| Your objective |
Everything in the data that follows should be given again verbatim, except the images.

| Dataset excerpt |
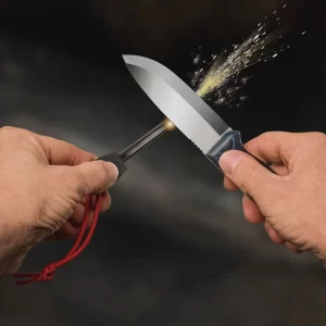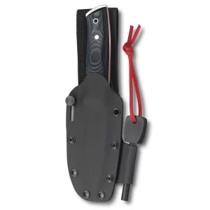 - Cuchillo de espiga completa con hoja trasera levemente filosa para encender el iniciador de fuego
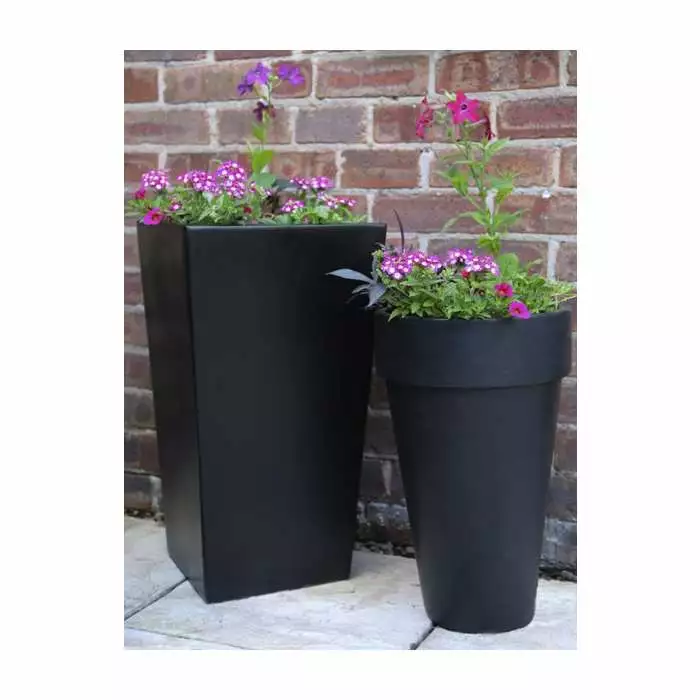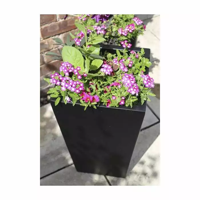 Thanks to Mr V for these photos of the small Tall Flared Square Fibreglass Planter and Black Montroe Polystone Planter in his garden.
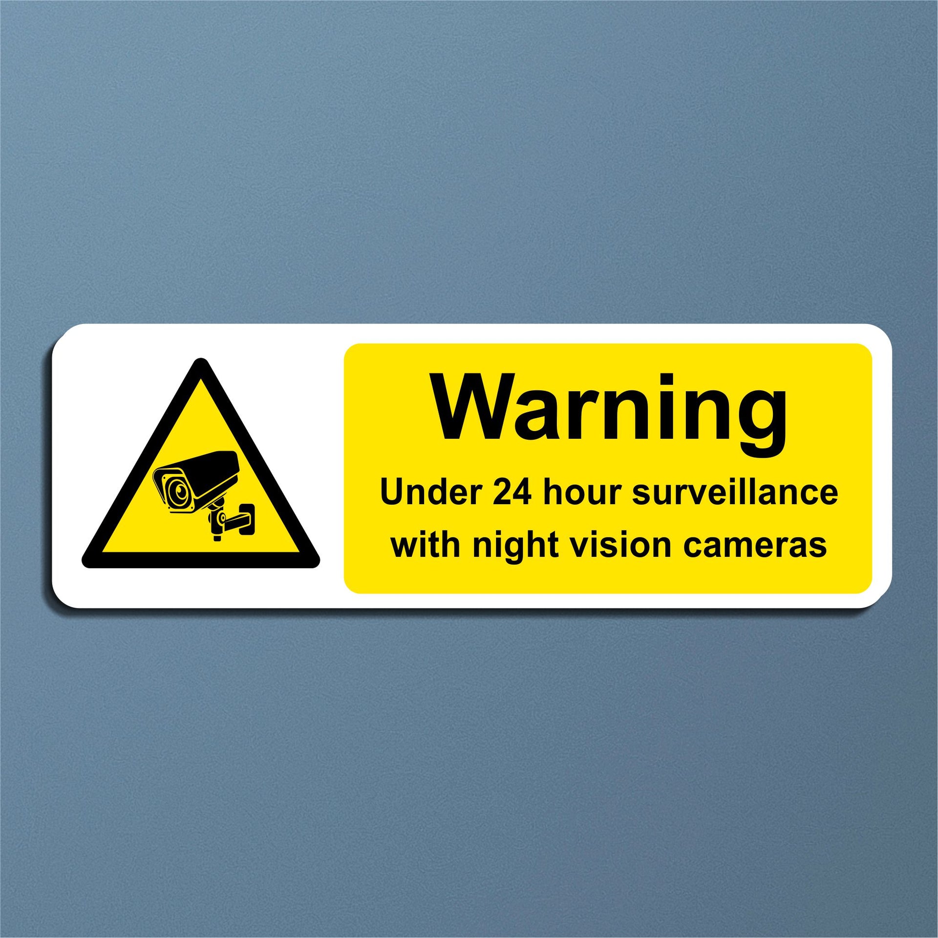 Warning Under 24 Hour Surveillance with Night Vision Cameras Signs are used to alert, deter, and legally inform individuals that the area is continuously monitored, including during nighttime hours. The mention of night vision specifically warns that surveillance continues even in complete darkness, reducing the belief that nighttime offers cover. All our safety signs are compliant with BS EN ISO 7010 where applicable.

| Exercise output |
 - Cuchillo de espiga completa con hoja trasera levemente filosa para encender el iniciador de fuego
 Thanks to Mr V for these photos of the small Tall Flared Square Fibreglass Planter and Black Montroe Polystone Planter in his garden.
 Warning Under 24 Hour Surveillance with Night Vision Cameras Signs are used to alert, deter, and legally inform individuals that the area is continuously monitored, including during nighttime hours. The mention of night vision specifically warns that surveillance continues even in complete darkness, reducing the belief that nighttime offers cover. All our safety signs are compliant with BS EN ISO 7010 where applicable.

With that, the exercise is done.